Sweet the task to calm that throbbing heart, or teach it to throb no more with fear!
But let him of melancholy mood, wander to the deserted village. A more fearful calamity has befallen it, than ever attended the soft shades, of the one conjured up by the poet.
Here the demon Plague, with baneful wing, and pestilential influence, tarried for many days; till not one--no! not one soul of that village train--that did not join his bygone fathers.
Stray along its grass-grown roofless tenements! where your echo alone breaks the silence, as it startles from its resting-place the slumbering owl--for who would dwell in abodes so marked for destruction? Stray there! think of the gentle contadina diffusing happiness around her! then think of her as she supports the youth she loves--as she clasps his faint form--and drinks in a poisonous contagion from his pallid lip.
Think of her as the disease seizes on its new victim--still attempting to prop up his head--to reach the cup, that may relieve his maddening thirst,--until, giddy and overpowered, she sinks at last; but--beside him!

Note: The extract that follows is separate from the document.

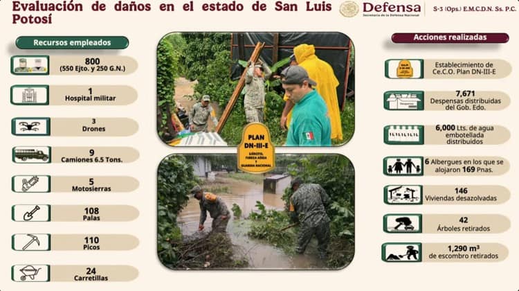 Son un total de 800 militares distribuidos, que han apoyado en 146 viviendas desazolvadas, 7 mil 671 despensas repartidas y 6 mil litros de agua distribuidos.

Think of their dying together! that at least is a solace.
Do not the scene and the thought draw a tear?
If your eye be dry, come--come away--your step should not sound there!
The wind continued fair during the whole of the first day. Every trace of Valletta was soon lost; and the good barque Boston swept by the rocky coast of the island, where few human habitations meet the eye, swiftly and cheerily. The sea birds sported round the tall masts--the canvas bulged out bravely--the Captain forgot his shore griefs, and commenced a colloquy with Sir Henry. The sailors sung in chorus; whilst poor Acmé,--we grieve to confess the fact, for never was a Mediterranean sea looked down on by brighter sun, or more cloudless sky,--retired to her cabin, supported by George, a prey to that unsentimental malady, sea sickness. The following day, the wind shifted some points; and the Captain judged it most prudent to forego his original intention of steering direct for Palermo; but to take advantage of the breeze, and adopt the passage through the Faro of Messina.
Delmé felt glad of this change; for Scylla and Charybdis to an Englishman, are as familiar as Whittington and his cat. For the first two days Acmé continued unwell; and George, who already appeared improved by the sea air, never left her side.